Mutations in CYP21A2 can be classified according to the impact on 21-hydroxylase enzymatic activity. The homozygous mutation identified in our patient has been previously associated with a severe form of 21OHD, revealed by SW during the neonatal period [3]. In this recent study, genotype is well correlated with the phenotype in most patients. However, disparity in phenotypic appearance appeared in a small portion of patients [3]. Several factors may be responsible for the genotype-phenotype variability in patients with CAH. Apart from the CYP21A2 mutations, other genes may affect the phenotype by modifying steroid action or salt balance. Furthermore, differences in extra-adrenal 21-hydroxylation (as already shown in mice and human liver of patients with CAH) could justify the discordances between genotype and phenotype. Interestingly, our case illustrates potential survival, without any episode of adrenal failure, in a patient carrying a severe genetic form of 21OHD, although he had not been on steroids during infancy or adulthood. To our knowledge, such a mild phenotype has never been reported with such a severe mutation.
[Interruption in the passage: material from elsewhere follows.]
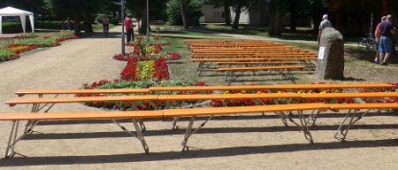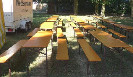 Neben dem Versorgungszelt sind die Tischgarnituren für die Imbissgäste.

An increased prevalence of adrenal tumors has been reported in patients with 21OHD: ≤82% of male homozygous patients and 45% in heterozygous patients [7]. Reisch et al. [8] documented a correlation between total adrenal volume and current hormonal control in patients with 21OHD. Development of adrenal tumors is probably increased by prolonged ACTH stimulation of the adrenal cortex. However, some of these tumors are unilateral, which means that other factors may contribute to adrenal tumor development in patients with CAH. To our knowledge, in patients with 21OHD, massive calcifications within adrenal glands have never been described. Our patient’s 18F-FDG-PET scan was reassuring [9].
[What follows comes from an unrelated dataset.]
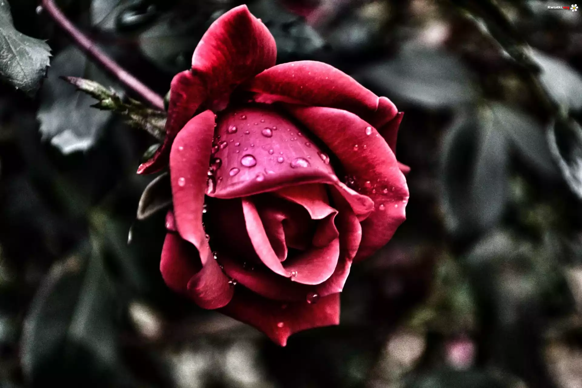 Bordowa, Róża, Krople, Ogród - Zdjęcia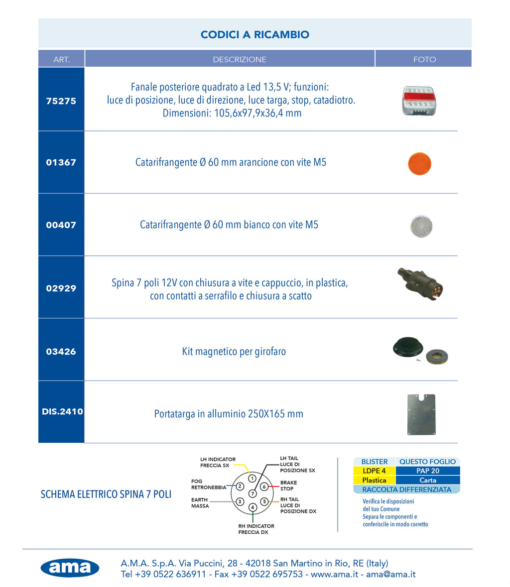 Kit luci posteriori LED 12V, cavo lunghezza 7,6 m + 2,5 m tra fanali, con connettori 6 poli di collegamento cavi , spina 7 poli, catarifrangenti rotondi arancioni e bianchi e portatarga. Confezionato in blister. Questo kit luci magnetico è perfetto per agricoltura, veicoli trasporto merci, rimorchi, macchine agricole. Posteriore, con magnete.

In conclusion, we describe a severe form of 21OHD, diagnosed in late adulthood in light of bilateral testicular tumors, azoospermia, and large bilateral adrenal masses, mimicking adrenocortical carcinoma. Our patient illustrates the natural history of severe 21OHD without steroid replacement treatment. Hormonal evaluation of combined testicular and adrenal lesions is necessary before orchidectomy should be considered.